A PhD candidate in the law school of University of Malaya in Malaysia retracted a paper from a journal on Islamic law in governments, because he failed to add his deceased advisor as an author.
The paper, which calls government secularism in Bangladesh “shadow rather than substance,” was published in Jurnal Syariah, which translates to Shariah Journal. It is quite critical of the idea that the country’s Constitution can name Islam as the state religion while also claiming that it cannot grant political status to any religion.
Here’s the notice:
The following article is being retracted from publication in Shariah Journal: “Shadow or Substance? Reflection of Secularism in the Constitution of Bangladesh” by Mohammad Abu Taher (Ph.D Candidate, Faculty of Law, University of Malaya, Kuala Lumpur, [email protected]) in Shariah Journal Volume 22, Issue 1, 2014, pp. 87- 106, as a result of the author request to retract the article from Shariah Journal.

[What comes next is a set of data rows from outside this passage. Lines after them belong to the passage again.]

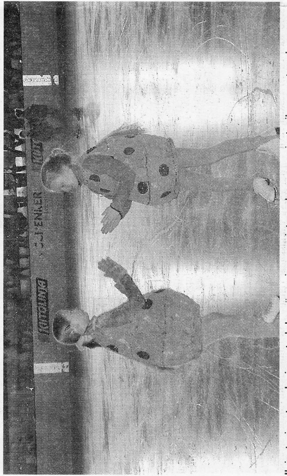
Iloiset pienet sadepisarat yhdessä auringonpaisteen kanssa saivat aikaan sateenkaaren.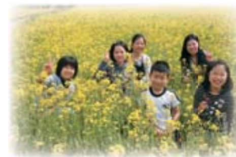
●まちおこしグループが網田駅南側水田一帯に菜の花を植栽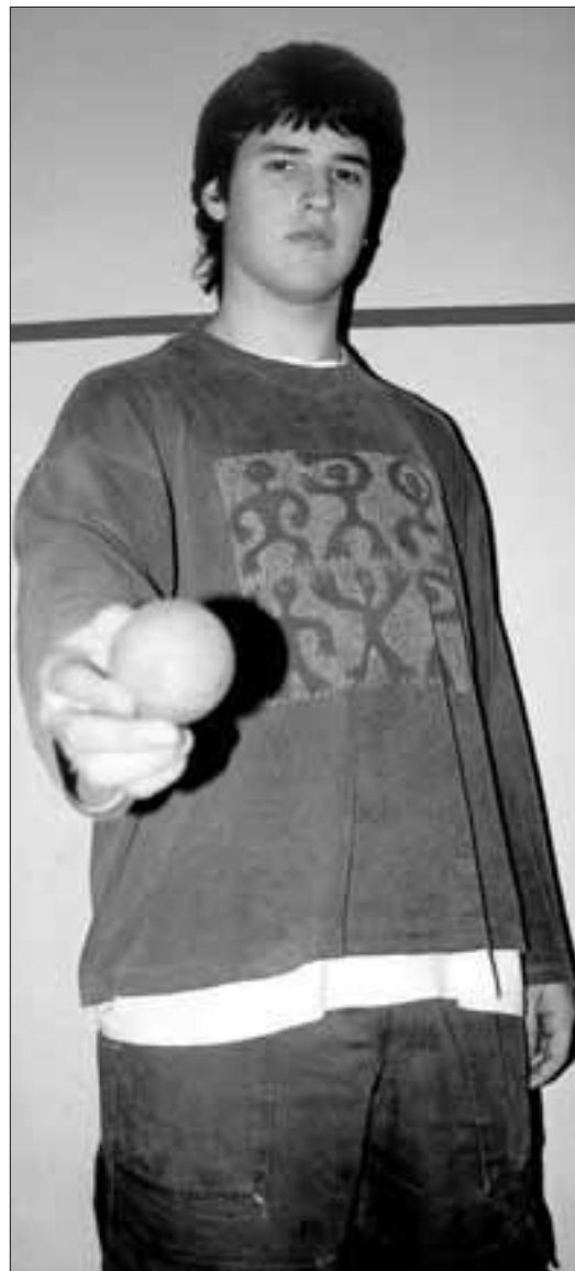
«Atzelari jotzaileak dira min gehien egiten didatenak, denei bezala».

► “Nire aurrelariak dakien hura egitea gustatzen zait. Errematatzailea bada, pilota duenean errematatzea eta pilotari abiadura ematen badio, lasai sartu eta jotzea.”

We reached out to Taher, who told us that he is new to academia. According to Taher, though they wrote the paper together, after his advisor passed away he published the paper under only his name. His advisor’s family objected, and he asked the journal to retract.
Hat tip: Rolf Degen
If the article was accepted after peer review, surely a correction adding the deceased supervisor as author rather than a retraction would have been warranted.